Happy Ground Hogs Day! It's amazing how fast time goes by. I was looking back last year at how few Blogs I wrote and how many times I really intended on blogging. I have had lots of topics or ideas that I thought about writing but never could find the energy or ambition to write. This is just a glimpse as to how things have been going in my life. Depression, Anxiety, and Phobias have taken over my life and I never saw it happening until it was almost too late.
Being diagnosed with Multiple Sclerosis was very hard. I was diagnosed in March of 2007, after a very long and rough exacerbation. Now looking back, I would say that the depression first started. If you don't see it happening, you don't get help. As the years have gone on so have the pains and symptoms. I spent more time in bed and unable to do all the things I used to do and even wanted to do. If I had a good day, I would push myself and then suffer for days. Heck, who am I fooling, I still am going through that. It wasn't until last Fall that I started realizing how distant I have become from everyone. The Holidays were fast approaching and the worse I was feeling. I was waking up sick, the pain increasing, was crying from the second I woke up until I went to bed, and much more. It wasn't until the day that everyone was leaving the house. I started shaking, felt like I was going to be sick, had this horrible sensation of fear, and then started crying. Are you kidding me? I am afraid of being alone? I felt like I was losing my mind. What is wrong with me?
I have always refused talking to a therapist, mostly because there was nothing wrong with me. Or at least I didn't think so. After a few more episodes of this craziness I had to make that dreaded call. By the time I went in to see him, it had become even worse and was happening everyday all day long. While talking to him and answering his questions, I actually was becoming more and more embarrassed with my answers to these questions. I am the type that avoids calling the Dr's until a lot has built up, mostly because after being diagnosed with MS, I find that everything would get blamed on MS. When I do finally get the nerve to call and go in to see them, usually the issue is at the extreme and then I want fixed... I WANT FIXED NOW!!! I guess I forget that the issue(s) may have been fixed fast if I would have gone in but I let it go months and months. So, of course, I went to the Therapist, answered the questions, and expected him to fix whatever is going on.
It didn't go that way. I am listening to him talk and it was like a Charlie Brown's Cartoon. "Wait... What did you just say"? The Therapist said it again. "You are having Severe Anxiety Attacks , You have Major Depression , and you are suffering from Agoraphobia this is very common in people that have been very sick for a long time. Part of this can be due to the MS". I kind of giggled, in disbelief or maybe embarrassment, and then hit him with my normal response. "OK, so how do we fix this? Christmas is in 3 weeks and I have to be around all our family and friends. It's been over 3 weeks since I left the house and the idea of being around everyone is causing this to get worse and worse.

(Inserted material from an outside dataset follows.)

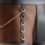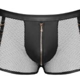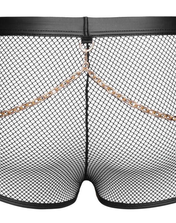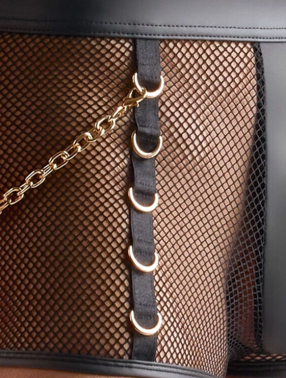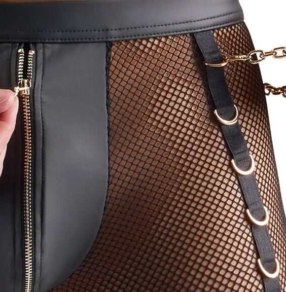 Opvallende zwarte broek van Svenjoyment gemaakt van onthullend netmateriaal gemixt met een trendy wetlook. Met ritssluiting in het ondoorzichtige zakje. Overal elastiek en zacht en soepel voor een hoog draagcomfort. Decoratieve goudkleurige ringen aan de voorkant, zijkant en achterkant van de tailleband. De twee goudkleurige karabijnkettingen zijn afneembaar.
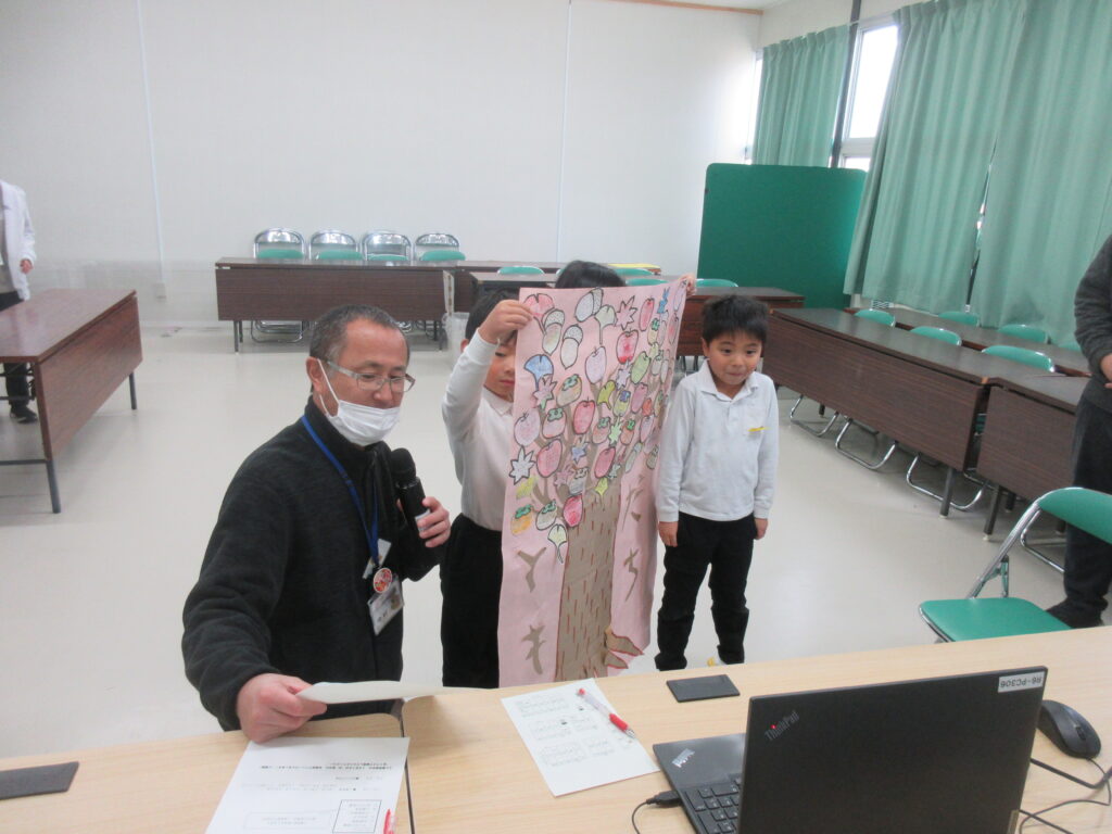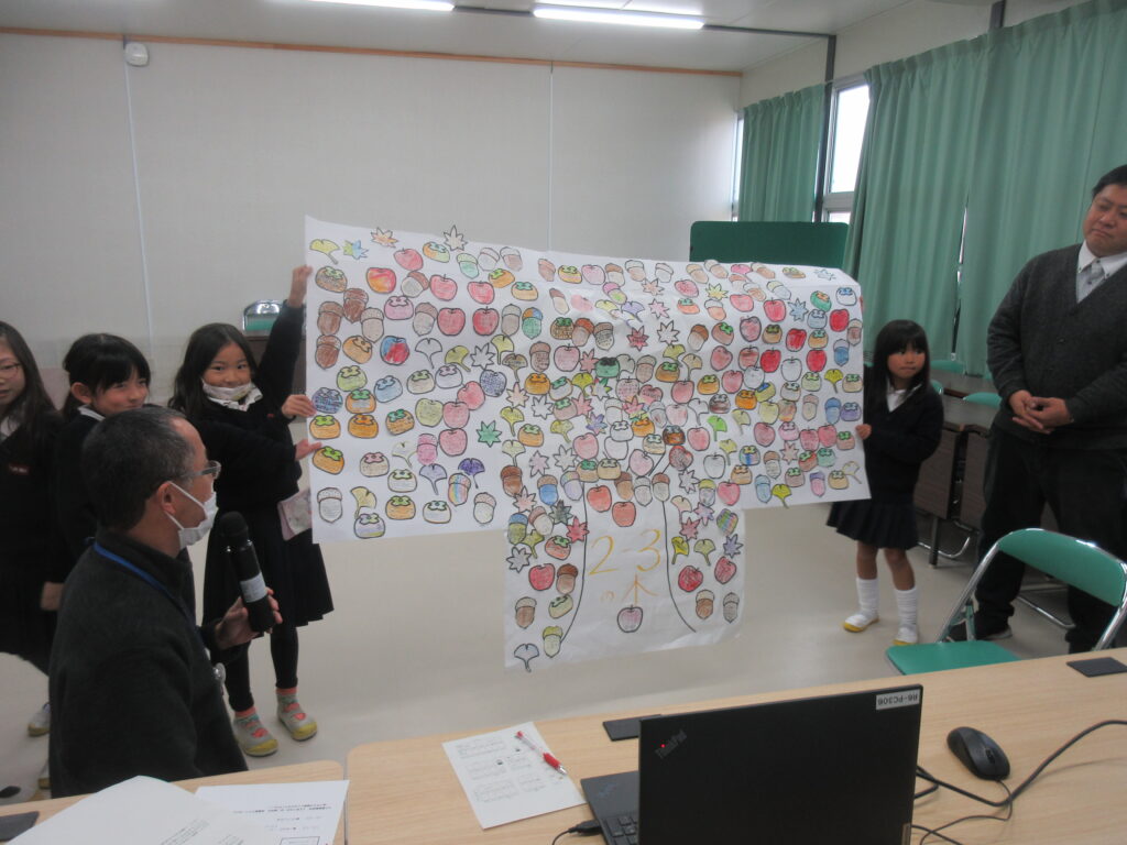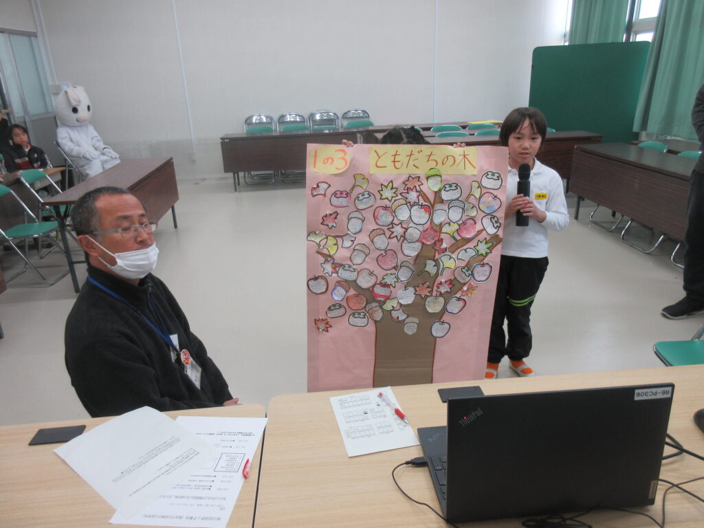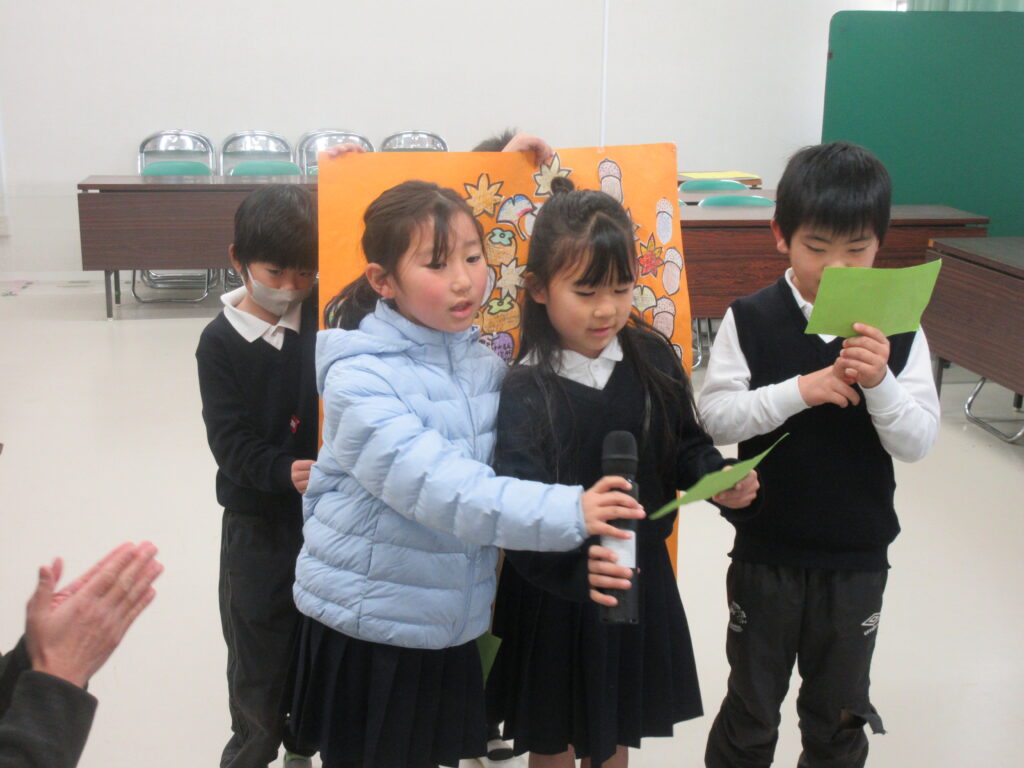 1年生と2年生は、各クラスごとに取り組んだ「ともだちの木」の発表でした。「ともだちの木」とは、クラスの友だちに対して、その人の好きなことやがんばっていることを褒めたり、励ましたり、手伝ってもらったり、助けてもらったりしたことへの感謝の気持ちなどを木の実の形をしたカードに書いて貼り付けていく取組です。どのクラスの「ともだちの木」もたくさんのカードが貼られていました。子どもはよく見ているなあ、優しい見方や捉え方ができるんだなあと感心させられました。

Then the dreaded words came out... "This has been going on for years, this will not be an easy or quick fix. How bad do you want to live, keep your family and friends, and most importantly... be happy and live your life again"? Of course I choose to get my life back and most importantly be happy. I miss the "old me" I feel like I have lost me and people expect so much out of me and don't understand or don't care. I worry about everything and everybody, I care so much about others and continue to get hurt everyday. I never speak my mind, out of fear of hurting other's feelings but they do it to me all the time. I wish I had the switch that other's have to make me not care. He responded with " You are You and You can't change the way other's are and how they will treat you. All you can do is learn to find ways to cope with being hurt, let down, disappointed, etc.. If that is the life they choose to live to make them happy, that is their choice. All we can do is work on what makes you happy and how to cope or handle those situations".
This is the beginning of finding "ME and My Inner Happiness". Does anyone else feel the same way or go through the same battle as me? Have you ever wondered "Why Me"? Well, I always do and always come back with the same answer and that is... To help others. As hard and embarrassing as this is to me. I will journal my Journey as often as Possible. I get through life by helping others and I hope this will help others. Feel Free to Follow along and see where this journey leads... Hopefully to finding my Inner Happiness.